5.1.3. ensure that all Client Material is owned by the Client, or, if not, ensure that the Client has permission from the legal owner to enable Studio Question Marque Ltd to legitimately use the Client material in the provision of the Services;

5.2. The Client acknowledges that the late supply of Client Material may have an impact on Studio Question Marque Ltd’s ability to deliver the Services. If Studio Question Marque Ltd’s performance of its obligations under the Contract is prevented or delayed by any act or omission of the Client, its agents, subcontractors, consultants, or employees, Studio Question Marque Ltd shall not be liable for any costs, charges, or losses sustained or incurred by the Client arising directly or indirectly from such prevention or delay.

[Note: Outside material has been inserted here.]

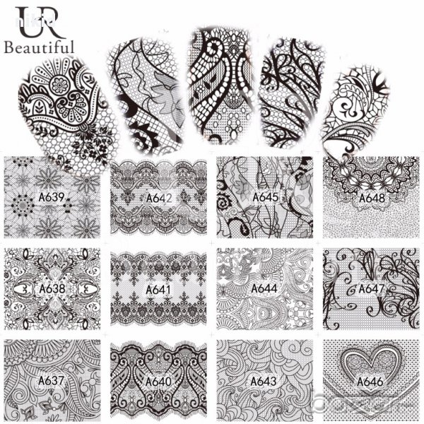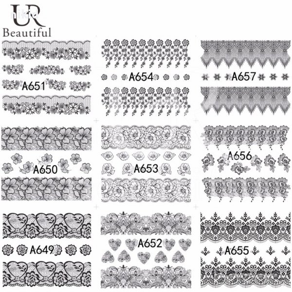 A625-672 48 бр черно бели дантела мрежа татос ваденки водни стикери за нокти маникюр

5.3. The Client shall indemnify Studio Question Marque Ltd, from and against, all costs, charges, or losses sustained or incurred by Studio Question Marque Ltd arising directly or indirectly from the Client’s fraud, negligence, failure to perform, or delay in the performance of any of its obligations under the Contract, subject to Studio Question Marque Ltd confirming such costs, charges, and losses to the Client in writing.

5.4. The Client shall indemnify Studio Question Marque Ltd against all losses, costs, or charges it may incur arising as a result of any action, claim, or threatened claim (as applicable) that Studio Question Marque Ltd’s use of the Client Material in accordance with the Contract constitutes an infringement of the intellectual property rights of a third party.

5.5. The Client shall not, without the prior written consent of Studio Question Marque Ltd, at any time from the date of the Contract to the expiry of 6 (six) months after the last date of supply of the Services, solicit or entice away from Studio Question Marque Ltd or employ (or attempt to employ) any person who is, or has been, engaged as an employee, consultant, or subcontractor of Studio Question Marque Ltd in the provision of the Services.

5.6. [Any consent given by Studio Question Marque Ltd in accordance with condition 5.5 shall be subject to the Client paying to Studio Question Marque Ltd a sum equivalent to 20% (twenty percent) of the then-current annual remuneration of Studio Question Marque Ltd's employee, consultant, or subcontractor or, if higher, 20% (twenty percent) of the annual remuneration to be paid by the Client to that employee, consultant, or subcontractor.]

6. Change Control

6.1. If either party requests a change to the scope or execution of the Services, Studio Question Marque Ltd shall, within a reasonable time, provide a written estimate to the Client of:

6.1.1. the likely time required to implement the change;

6.1.2. any variations to Studio Question Marque Ltd’s charges arising from the change;

6.1.3. the likely effect of the change on the Services; and

6.1.4. any other impact of the change on the terms of the Contract.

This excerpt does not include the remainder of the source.